Mars and Large Stars in the Early Universe – 8.26pm Tuesday 9th September 2025
Mars and Large Stars in the Early Universe – 8.26pm Tuesday 9th September 2025

Firstly, there is a ‘new’ theory of very large stars in the Early universe creating black holes. There are persons in the astronomy field who know perfectly well that I theorized that back in 2014/15, so that aspect of the authors work isn’t new. Additionally, articles about Mars in recent years are almost a complete copy of my work from a decade ago. And there are many other examples I could mention. Naturally, it’s very distressing and every single time I have written to bring it to the specific authors’ attention, my communications are totally ignored. The various authors may say they had no idea, but many in the field would see these articles who absolutely ‘do’ know of my work, yet the practice continues and people in the astronomy field are aware of it but choose to be silent. Thus causing an additional distress for me, because it implies these people have the notion that they can behave this way, in the belief that they won’t be held accountable.
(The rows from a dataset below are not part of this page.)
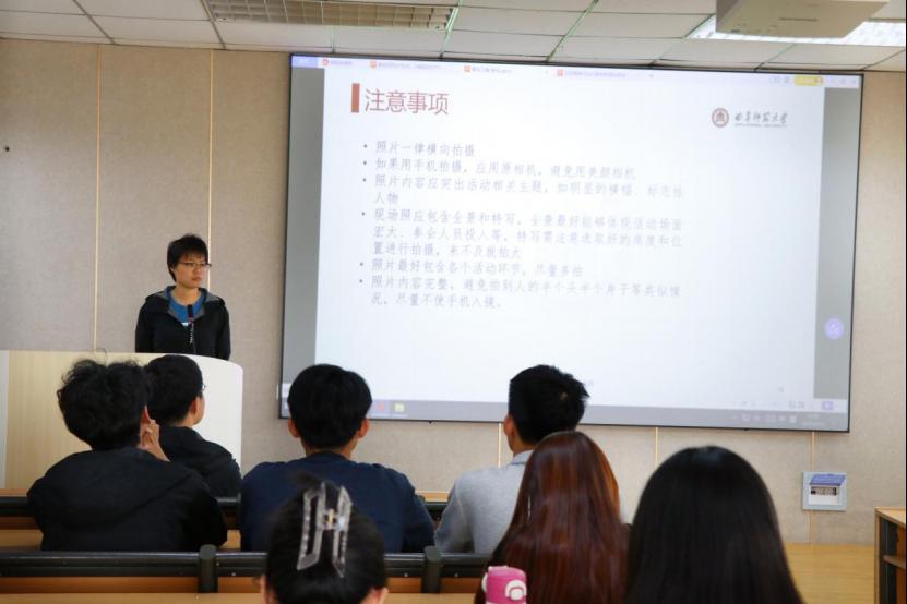 为提升学院团学工作技能,本次课程加入团学工作业务培训,2023级学生代表徐马安冉开展新闻摄影理论和实务分享。她认为,新闻现场的拍摄要以“真实性、时效性、新鲜性”为原则,区分会议新闻的庄重构图与文体活动的动态抓拍。她提出要规范设备的使用,结合具体实例传授拍摄要点与技巧。最后,她提示,新闻摄影要严格把控质量标准,强调横屏拍摄、主体完整、避免设备入镜等细节的规范。
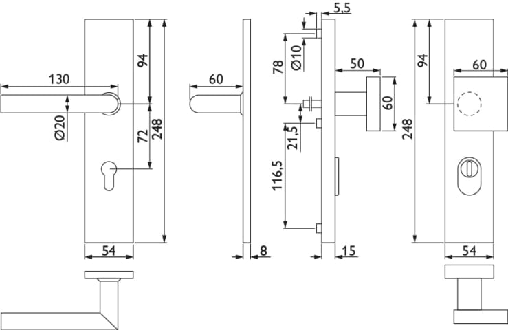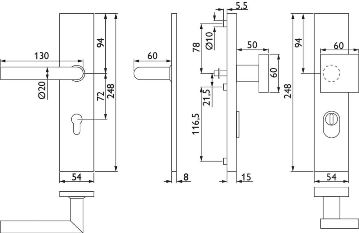 ZT-EN2-Schutz-Wechselgarnitur 1802 BASIC 02, mit Langschild 2094 KS, Knopf 3132 gekröpft, Ausf.: PZW 72 mm, Türstärke 36 - 53 mm, mit Kernziehschutz für Zylinderüberstand 8 - 15 mm, Oberfl. 18 (PVD Me
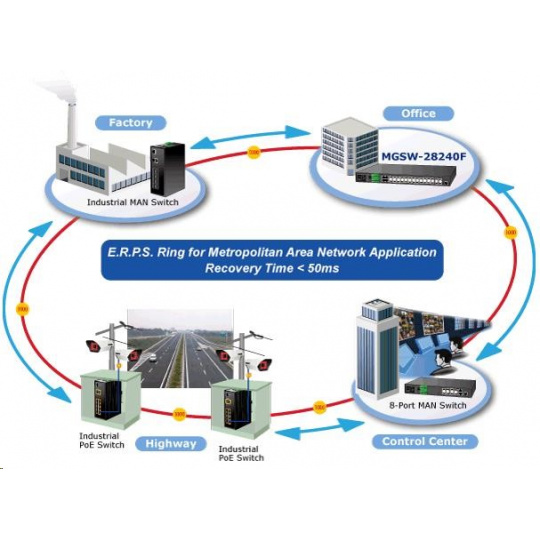 Planet MGSW-28240F Metro switch 24x SFP(DDM), 4x SFP+, 4x TP, AC+DC, DI/O, Web/SNMPv3, IGMPv3, IPv6
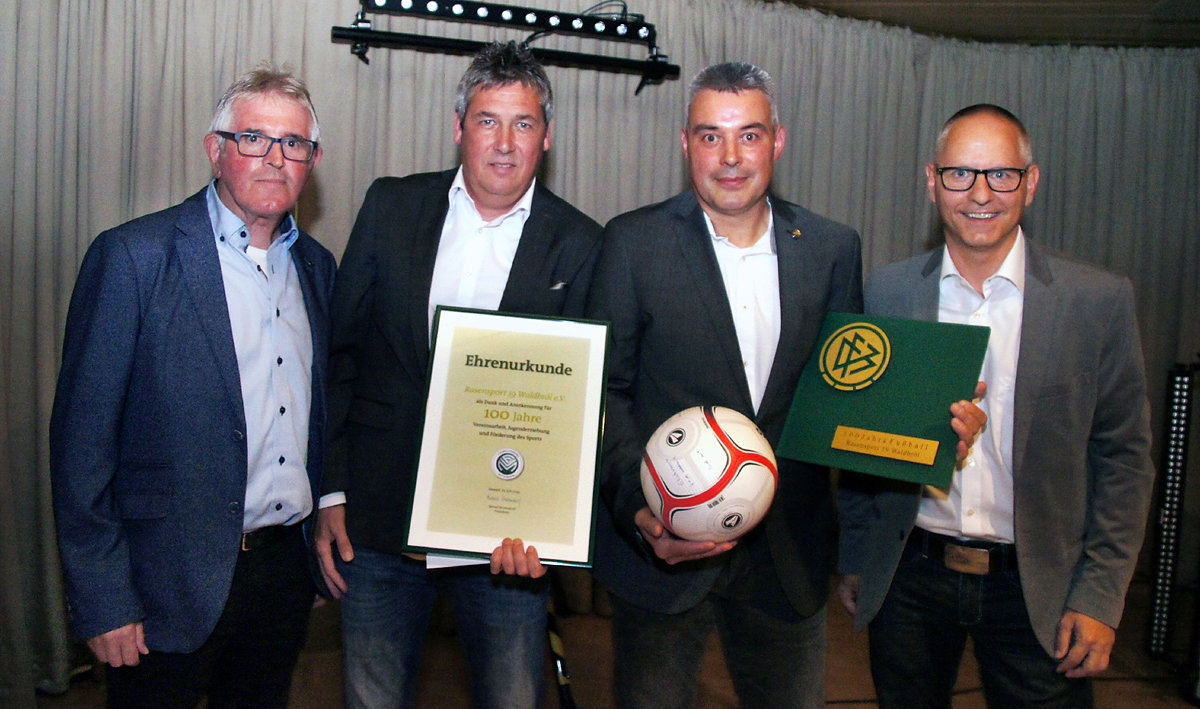 Markus Müller übermittelte Grußworte und Geschenke vom Fussball-Verband Mittelrhein (FVM). Außerdem betonte Müller, der selbst gebürtig aus Lindlar kommt, dass sich der Deutsche Fußball-Bund trotz einer aktuell eher angekratzten Reputation viel für den Amateurfußball engagiere. Neben der Ehrenurkunde des FVM überreichte Müller die Ehrenplakette und eine Spende des DFB.
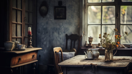 nostalgic blurred old home interior illustration cozy dreamy, charm soft, worn wooden nostalgic blurred old home interior
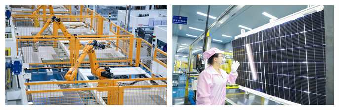 阳光能源悦阳生产基地坐落于盐城建湖,占地面积约100余亩(仍在扩建中),先进产能突破90%,产品基本覆盖市场主流需求,兼容M10/G12等多种尺寸规格,N型 TOPCon和HJT技术已可规模化量产于组件产品中。

May I again remind people all my work is copyright and belongs to me. I am not your free resource! Academics behaving criminally is utterly abhorrent.
To Mars. We now know that there was a vast amount of water in Mars (which I did theorize more than a decade ago). The planet’s state indicated to me that the water had sat for a very long time, absent of tidal activity. Further, I believe that vast ocean turned the colour of rust and did sit for millions of years. I suspect it contributed to destroying what we would consider a life sustaining atmosphere. If life did commence in the ocean, it perished sadly and I am confident that Mars did once have a single moon much like Earth has. Looking at Mars hemispherically, it’s possible that one hemisphere held the vast body of ocean almost entirely. It leached and dissolved the area of land it occupied and once it finally disappeared, it left a land mass, extremely eroded, which we now see today. I expect there were rivers on the other, mountainous, hemisphere but it’s likely that weather was also negatively impacted globally, by the conditions. I have long suspected it was the loss of a single, functional moon that sadly caused Mars to be as we see it today. Did Mars take any steps, could it have altered its tilt perhaps? But there does seem, to me, to have been some internal activity on Mars, to salvage a hemisphere while having to write off the other, as a matter of necessity. Not to support life as we know it, as that was no longer possible, but for the planet itself to survive the disaster. And as I previously theorized, Olympus Mons had to be as tall as it was to get above the water level, because all planets like Earth, Mars, Venus etc., have to have volcanic activity and open vents above water level.